### Your task
From the data below, return the exact lines starting at the line containing "Set 4 suporturi" and ending at the line containing "モスアゲートの濃い緑の内包物と非常に相性が良いんです。", both included, and nothing else.

++++ Task data

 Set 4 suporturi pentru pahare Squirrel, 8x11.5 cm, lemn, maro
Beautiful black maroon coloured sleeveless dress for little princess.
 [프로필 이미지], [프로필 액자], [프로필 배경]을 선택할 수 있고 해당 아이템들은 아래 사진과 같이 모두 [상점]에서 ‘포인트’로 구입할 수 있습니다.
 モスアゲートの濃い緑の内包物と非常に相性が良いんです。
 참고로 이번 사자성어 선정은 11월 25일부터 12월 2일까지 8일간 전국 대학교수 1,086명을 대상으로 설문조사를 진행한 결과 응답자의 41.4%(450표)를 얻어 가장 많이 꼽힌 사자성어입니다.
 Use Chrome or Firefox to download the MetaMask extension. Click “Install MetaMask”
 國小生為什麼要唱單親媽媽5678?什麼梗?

++++++++
++++ Task data

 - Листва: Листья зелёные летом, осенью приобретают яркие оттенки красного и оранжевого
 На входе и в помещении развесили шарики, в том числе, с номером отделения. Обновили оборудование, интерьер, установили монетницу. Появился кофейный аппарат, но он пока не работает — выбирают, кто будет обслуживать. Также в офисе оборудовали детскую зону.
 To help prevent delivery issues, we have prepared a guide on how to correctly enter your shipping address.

++++++++

### Task output
 Set 4 suporturi pentru pahare Squirrel, 8x11.5 cm, lemn, maro
Beautiful black maroon coloured sleeveless dress for little princess.
 [프로필 이미지], [프로필 액자], [프로필 배경]을 선택할 수 있고 해당 아이템들은 아래 사진과 같이 모두 [상점]에서 ‘포인트’로 구입할 수 있습니다.
 モスアゲートの濃い緑の内包物と非常に相性が良いんです。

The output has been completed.